わかばちゃんのおうちの ゆうびんうけに、

こんなちらしがはいっていました。

「たまご ひゃくえん。

とりももにく ひゃくグラム はちじゅうはちえん。」


「おかあさん、これみて。

きょうは、まんだいの やすうりのひだよ。かいにいこうよ」

けれど、おかあさんは うんといってくれません。

「やすみのひくらい、すきなことを させろ」

と、こういうのです。

「そういえば、このあいだ うんてんめんきょをとったなら ひとりでもいけるじゃないか」

「なら、わたしがうんてんするから、いっしょにいこうよ」

「それはいやだなあ。おまえはきっと、うんてんがへただから、いっしょにのるくらいなら、おかあさんがうんてんする。でも、きょうはしない」

わかばちゃんは こまってしまいました。おかあさんが そういうのなら、ひとりでいくより しかたありません。あきかんや、トレイもたまってきているので、どうしても、きょう すててしまいたいのです。

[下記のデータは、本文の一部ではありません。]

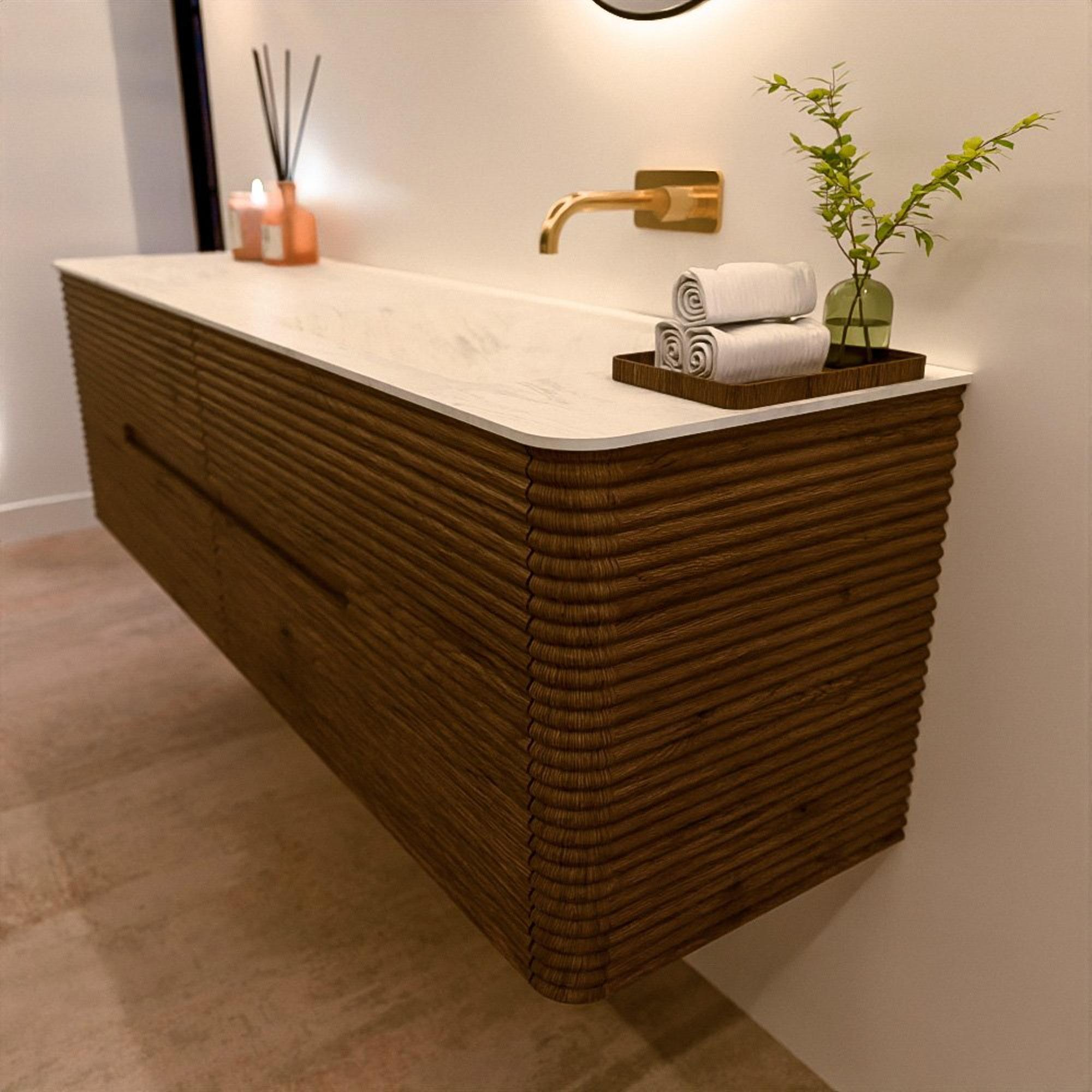 Het CIRO-DLUX badkamermeubel is ontwikkeld voor wie kiest voor modern design, natuurlijke materialen en hoogwaardige functionaliteit. Met maatvoeringen van 70 cm tot 190 cm past de CIRO-serie moeiteloos in zowel compacte badkamers als royale designruimtes. Elk meubel is een uitgebalanceerde combinatie van esthetiek, ambacht en duurzame kwaliteit.

「わかった わたしひとりでいく。じこしても しらないからね」

わかばちゃんは そういって あきかんのふくろをもつと ひとりで とびだしていってしまいました。

「ほうてきには わたしひとりで うんてんしても なんのもんだいもないもんね」

きょうしゅうしょ で もらったわかばマークを

くるまのまえとうしろに つけ、しゅっぱつ しんこうです。

ところが、なぜだか いくらエンジンのぼたんを おしても

エンジンが かからないのです。

「あれ?おっかしいなあ、このくるま、どうしちゃったんだろう。

あ、ブレーキをふんでいなかったんだ!」

ブレーキをふみ ボタンをおすと、くるまはたちまちうごきだします。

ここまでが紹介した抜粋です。